Material for the task: Begin
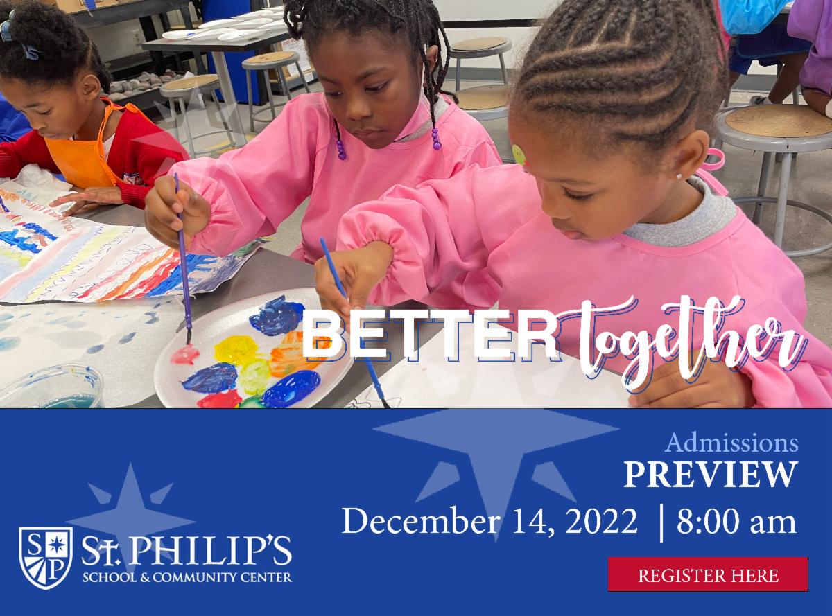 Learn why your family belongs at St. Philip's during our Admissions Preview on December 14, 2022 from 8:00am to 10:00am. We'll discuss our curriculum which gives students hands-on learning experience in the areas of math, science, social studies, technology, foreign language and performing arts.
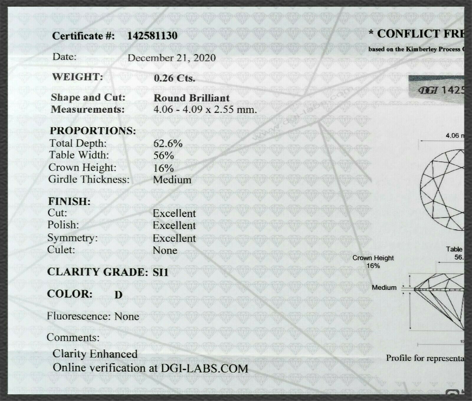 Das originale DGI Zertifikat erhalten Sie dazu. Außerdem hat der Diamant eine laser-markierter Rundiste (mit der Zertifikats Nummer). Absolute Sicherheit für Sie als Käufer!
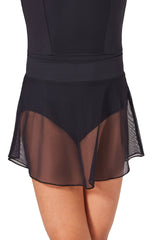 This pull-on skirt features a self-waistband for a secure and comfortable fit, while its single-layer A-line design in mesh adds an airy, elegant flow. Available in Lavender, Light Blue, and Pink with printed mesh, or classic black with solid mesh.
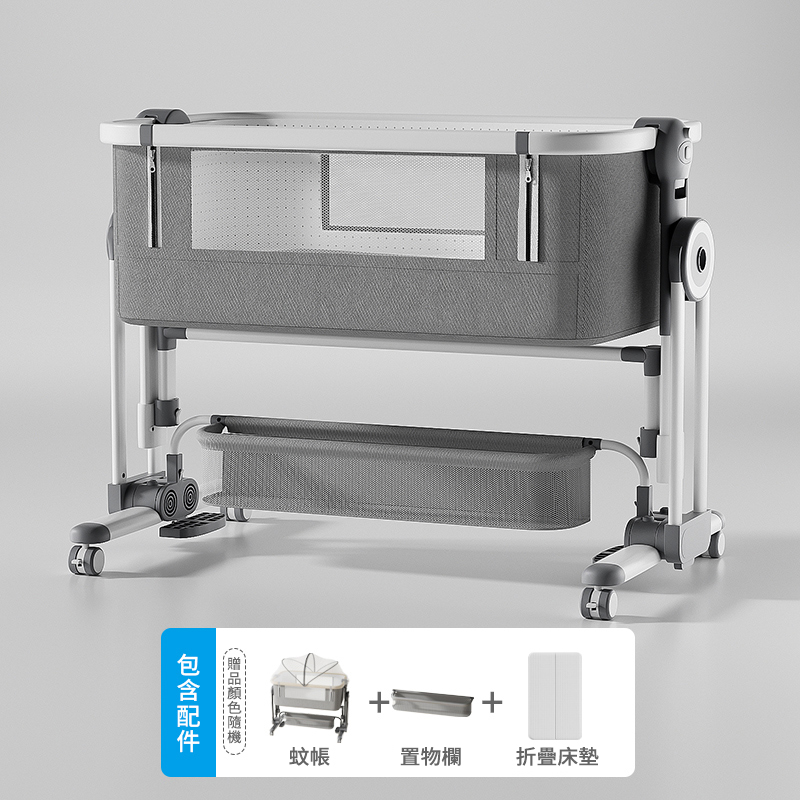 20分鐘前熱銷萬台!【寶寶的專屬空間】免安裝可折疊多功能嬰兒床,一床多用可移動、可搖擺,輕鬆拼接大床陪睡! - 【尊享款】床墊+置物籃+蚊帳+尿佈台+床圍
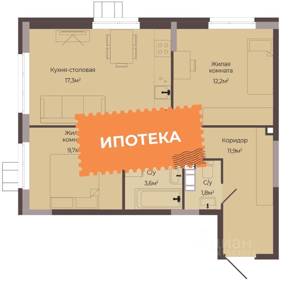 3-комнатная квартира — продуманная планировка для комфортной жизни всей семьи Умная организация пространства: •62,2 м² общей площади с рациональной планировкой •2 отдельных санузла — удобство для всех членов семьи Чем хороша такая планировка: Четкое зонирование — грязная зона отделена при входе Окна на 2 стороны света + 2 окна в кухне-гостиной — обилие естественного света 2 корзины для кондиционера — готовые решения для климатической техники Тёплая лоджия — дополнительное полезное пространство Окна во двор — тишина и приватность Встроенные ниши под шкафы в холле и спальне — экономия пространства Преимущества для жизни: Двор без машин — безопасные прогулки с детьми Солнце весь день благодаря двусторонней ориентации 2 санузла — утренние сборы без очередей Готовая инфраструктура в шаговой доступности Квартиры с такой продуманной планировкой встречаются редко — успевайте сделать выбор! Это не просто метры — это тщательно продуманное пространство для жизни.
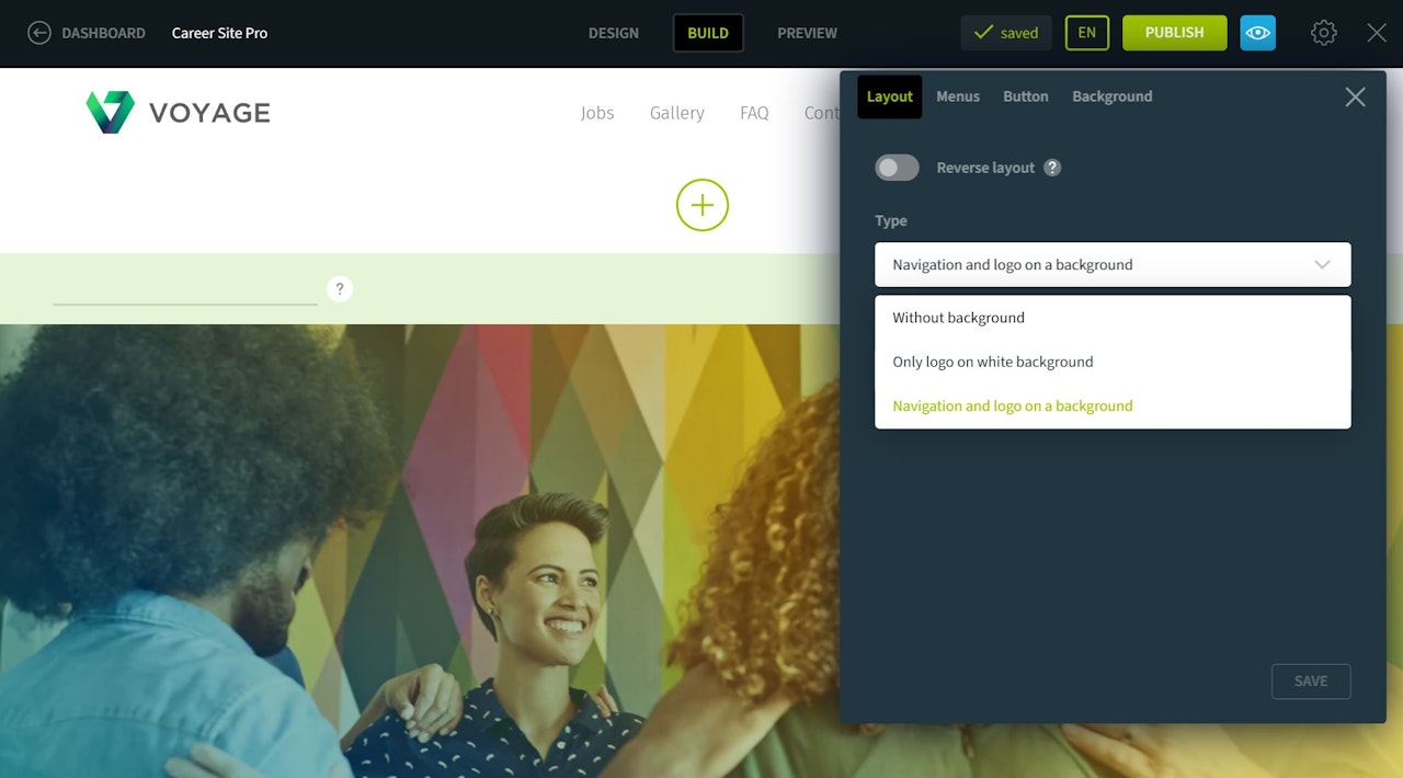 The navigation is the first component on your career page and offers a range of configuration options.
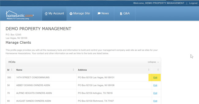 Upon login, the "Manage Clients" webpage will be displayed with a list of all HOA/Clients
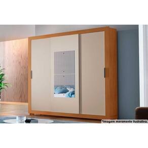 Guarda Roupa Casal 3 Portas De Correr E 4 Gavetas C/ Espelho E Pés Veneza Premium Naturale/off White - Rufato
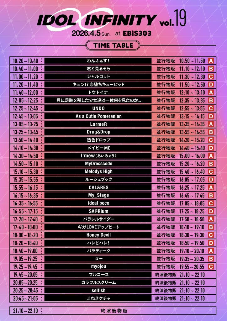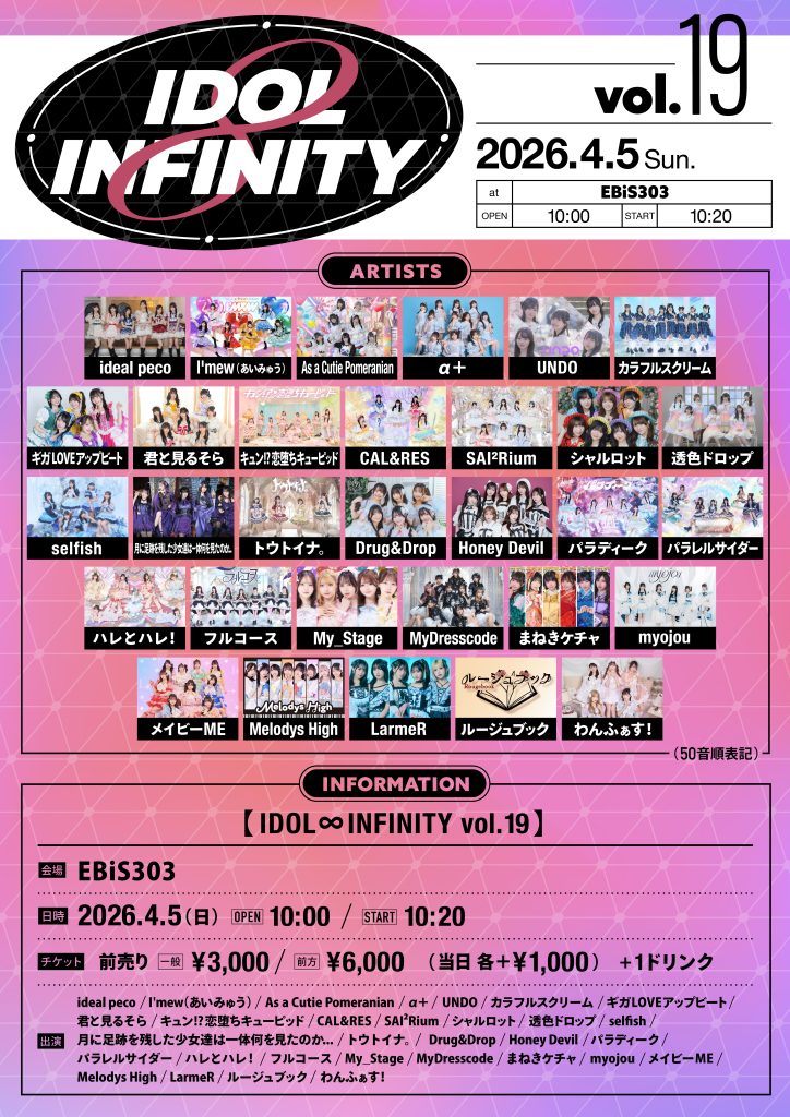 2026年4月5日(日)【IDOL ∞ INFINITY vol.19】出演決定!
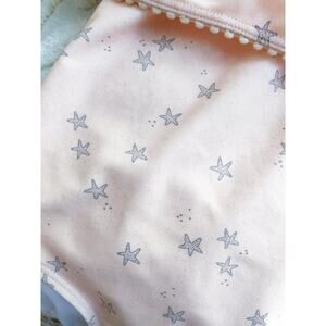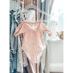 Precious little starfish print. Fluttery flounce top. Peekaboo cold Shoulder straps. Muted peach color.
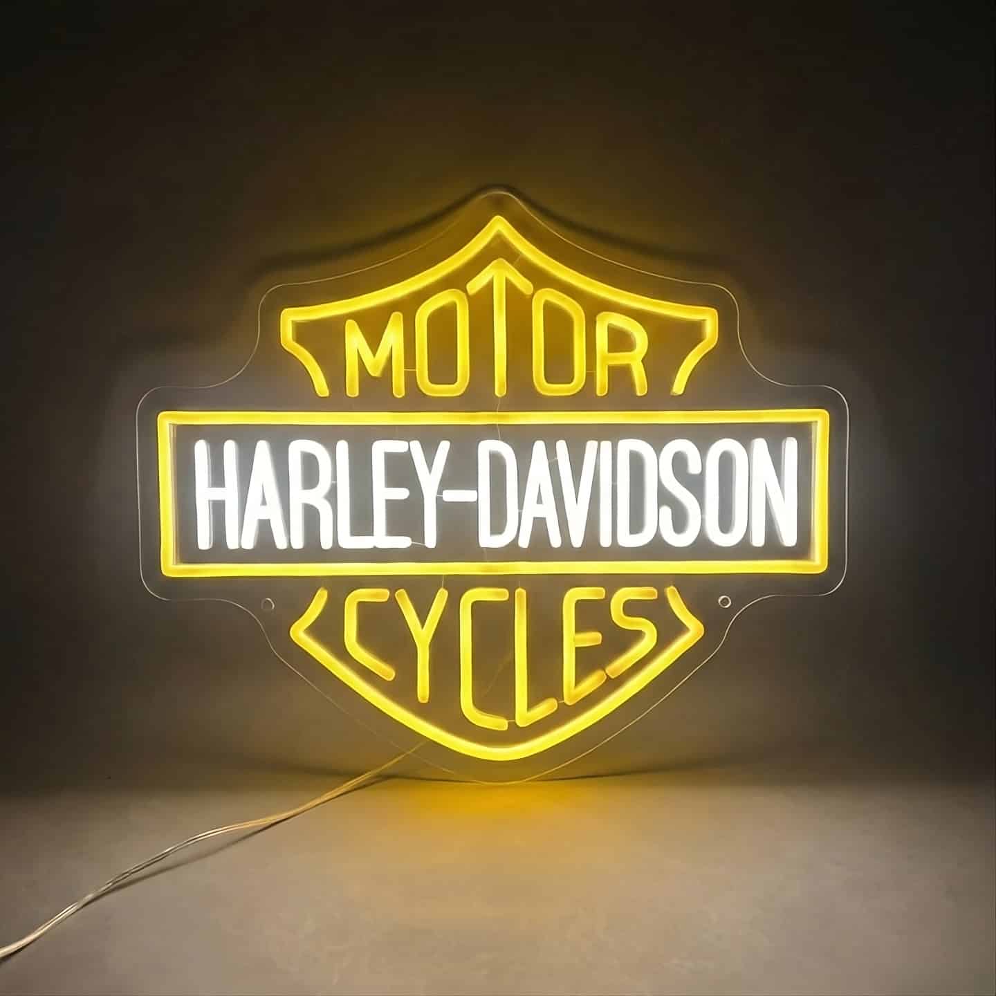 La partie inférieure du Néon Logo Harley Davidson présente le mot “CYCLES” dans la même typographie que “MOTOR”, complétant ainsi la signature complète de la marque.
Material for the task: End
• **Problem description**: Pictures don't belong in the copy. Restate all the entries exactly.

• **Exercise response**:
 Learn why your family belongs at St. Philip's during our Admissions Preview on December 14, 2022 from 8:00am to 10:00am. We'll discuss our curriculum which gives students hands-on learning experience in the areas of math, science, social studies, technology, foreign language and performing arts.
 Das originale DGI Zertifikat erhalten Sie dazu. Außerdem hat der Diamant eine laser-markierter Rundiste (mit der Zertifikats Nummer). Absolute Sicherheit für Sie als Käufer!
 This pull-on skirt features a self-waistband for a secure and comfortable fit, while its single-layer A-line design in mesh adds an airy, elegant flow. Available in Lavender, Light Blue, and Pink with printed mesh, or classic black with solid mesh.
 20分鐘前熱銷萬台!【寶寶的專屬空間】免安裝可折疊多功能嬰兒床,一床多用可移動、可搖擺,輕鬆拼接大床陪睡! - 【尊享款】床墊+置物籃+蚊帳+尿佈台+床圍
 3-комнатная квартира — продуманная планировка для комфортной жизни всей семьи Умная организация пространства: •62,2 м² общей площади с рациональной планировкой •2 отдельных санузла — удобство для всех членов семьи Чем хороша такая планировка: Четкое зонирование — грязная зона отделена при входе Окна на 2 стороны света + 2 окна в кухне-гостиной — обилие естественного света 2 корзины для кондиционера — готовые решения для климатической техники Тёплая лоджия — дополнительное полезное пространство Окна во двор — тишина и приватность Встроенные ниши под шкафы в холле и спальне — экономия пространства Преимущества для жизни: Двор без машин — безопасные прогулки с детьми Солнце весь день благодаря двусторонней ориентации 2 санузла — утренние сборы без очередей Готовая инфраструктура в шаговой доступности Квартиры с такой продуманной планировкой встречаются редко — успевайте сделать выбор! Это не просто метры — это тщательно продуманное пространство для жизни.
 The navigation is the first component on your career page and offers a range of configuration options.
 Upon login, the "Manage Clients" webpage will be displayed with a list of all HOA/Clients
 Guarda Roupa Casal 3 Portas De Correr E 4 Gavetas C/ Espelho E Pés Veneza Premium Naturale/off White - Rufato
 2026年4月5日(日)【IDOL ∞ INFINITY vol.19】出演決定!
 Precious little starfish print. Fluttery flounce top. Peekaboo cold Shoulder straps. Muted peach color.
 La partie inférieure du Néon Logo Harley Davidson présente le mot “CYCLES” dans la même typographie que “MOTOR”, complétant ainsi la signature complète de la marque.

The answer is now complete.